• [YOUR INSTRUCTIONS] From the line that has "Chue Vang consults" down to the last line of the data below, set down every line exactly, but none of the pictures.
═════ RECORDED DATA
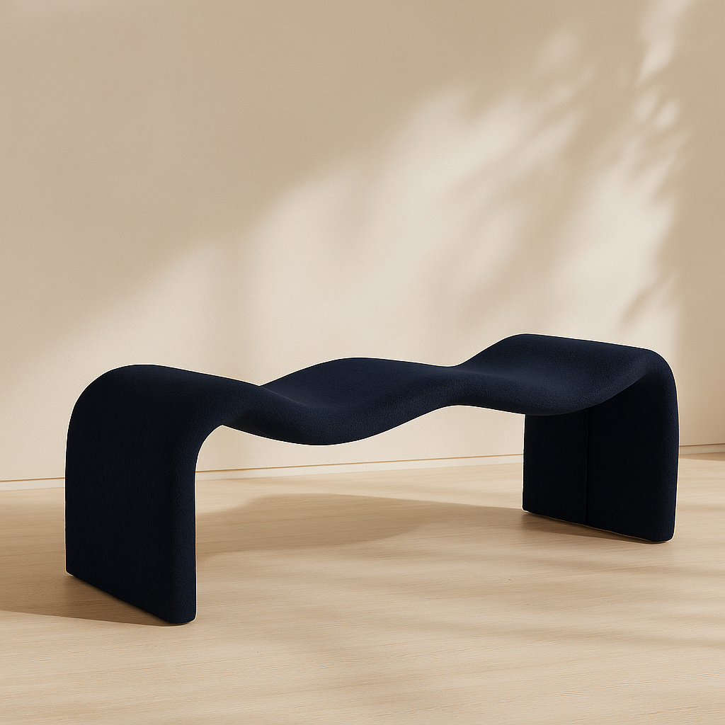 The Willow Chenille Fabric Bench brings artistic flair and modern charm to any space in your home. Wrapped entirely in plush chenille, this sculptural bench features a soft, curving silhouette that creates a striking presence while offering cozy seating. Its contemporary form is balanced by a sturdy metal inner frame, ensuring lasting durability without compromising on style. Ideal for entryways, living rooms, or bedrooms, this versatile piece provides both functionality and a sense of refined design. Available in ten rich color options including green, cognac, saddle, black, cream, gray, blue, mint, brown, and beige. Dimensions: 56.5" W x 18" D x 19" H
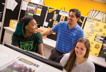 Chue Vang consults with colleagues Brianna Suggs (left) and Marlee Giacometti (right). Vang is a full-time financial-aid advisor at UWM. Suggs and Giacometti are student workers in the financial aid office.
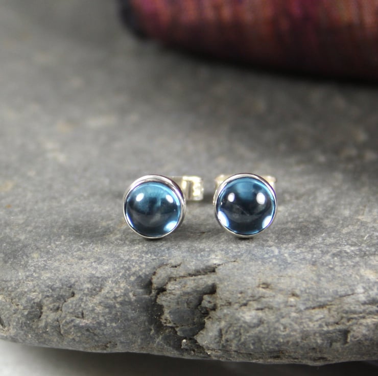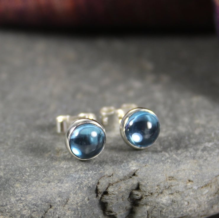 Simple sterling silver stud earrings set with pretty Swiss blue topaz cabochons.
══════════
• [ANSWER BOX]
 Chue Vang consults with colleagues Brianna Suggs (left) and Marlee Giacometti (right). Vang is a full-time financial-aid advisor at UWM. Suggs and Giacometti are student workers in the financial aid office.
 Simple sterling silver stud earrings set with pretty Swiss blue topaz cabochons.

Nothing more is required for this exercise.